THE POLICY EDGE

Interview with Mr. Samir Kumar Biswas

Former Additional Secretary, Department of Chemicals & Petrochemicals, Government of India

Mr. Samir Kumar Biswas is a former Additional Secretary in the Department of Chemicals & Petrochemicals, Government of India. With over three decades of experience in public administration, infrastructure, and industrial policy, he has worked on industrial promotion, trade and tariff coordination, environmental regulation, and fertilizer policy, addressing structural and competitiveness challenges across these sectors.

In the Government of Maharashtra, he held senior positions across urban development, housing, infrastructure, and industrial finance. His assignments included slum improvement and housing administration, oversight of the Dharavi redevelopment master planning process, leadership roles in state road development initiatives, and responsibilities in industrial financing institutions. He also served as Chairman of the Admissions Regulating Authority, Government of Maharashtra.

Post-retirement, Mr.
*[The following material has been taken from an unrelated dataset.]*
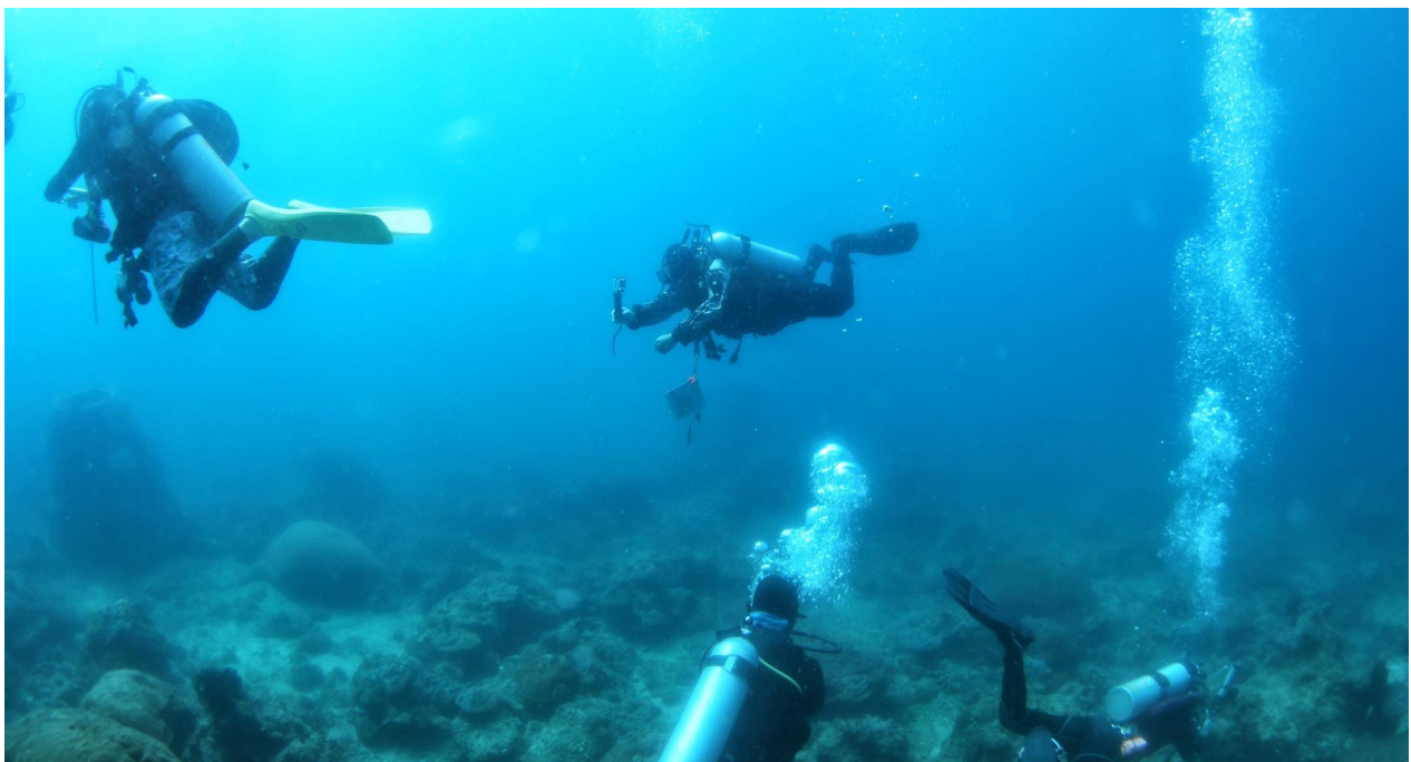
5月28日,水下摄影师在海底创作。

本报讯(记者 李少云)5月28日,首届2023年中国水下摄影公开赛在潜水胜地三亚蜈支洲岛旅游区启动。本次赛事是全国首次举办的国家级水下摄影大赛,同时也是作为2023年海南亲水运动季系列赛事活动以及2023海南国际潜水节的重点赛事,吸引了来自国内外近40名顶尖潜水员和摄影爱好者参加。

Biswas remains engaged in policy discussions on industrial competitiveness, regulatory design, and long-term technological capability in manufacturing and chemicals.

Samir Biswas

In this conversation with The Policy Edge, Mr. Biswas discusses the structural constraints and trade-offs that shape India’s industrial policy – from inter-ministerial coordination and trade exposure to environmental regulation and fertilizer distortions. He offers a practitioner’s perspective on how sectoral capability is built through steady institutional alignment and long-term strategic choices rather than headline interventions.

Across chemicals, fertilizers, environment, finance, and trade, ministries often pursue competing objectives. From inside the system, how are these contradictions negotiated – and who ultimately arbitrates when economic logic, political considerations, and regulatory goals diverge?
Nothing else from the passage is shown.